Popolazione negli anni:
fuochi: 193 nel 1532; 214 nel 1545; 230 nel 1561; 280 nel 1595; 280 nel 1648; 303 nel 1669; 253 nel 1737; abitanti: 2776 nel 1835; 2506 nel 1861; 2356 nel 1881; 3276 nel 1901; 3064 nel 1911; 2113 nel 1931; 2215 nel 1936; 2174 nel 1951; 1793 nel 1961; 1409 nel 1971; 1273 nel 1981; 1174 nel 1991; 1073 nel 2001; 987 nel 2011; 893 nel 2018.

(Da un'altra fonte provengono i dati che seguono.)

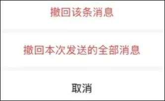 之前执行撤回操作时,会弹出“撤回该条消息?”的弹窗,需点击“撤回”才能完成操作。由于每次只能撤回一条消息,一旦出现一次性发错多条消息的情况,就会陷入麻烦。

Origine e storia:L’origine del paese risale senza dubbio all’epoca della decadenza dell’Impero Romano e il nome è senza dubbio di natura longobarda.
Nel XII secolo è citato “Rocca Magenula” e nel XII secolo è citato come “Rocca Maginulfo” e
“ Rocca Raginulfa” e ancora nel XVI secolo “ Rocca Ginolfi”, mentre il suo nome definitivo compare nella Numerazione del 1737 dove è chiamato Roccamandolfi, per via del castello fortificato di cui ancora resistono i resti, subito a monte dell’abitato e che fu edificato da Maginulfo al declinare del IX secolo.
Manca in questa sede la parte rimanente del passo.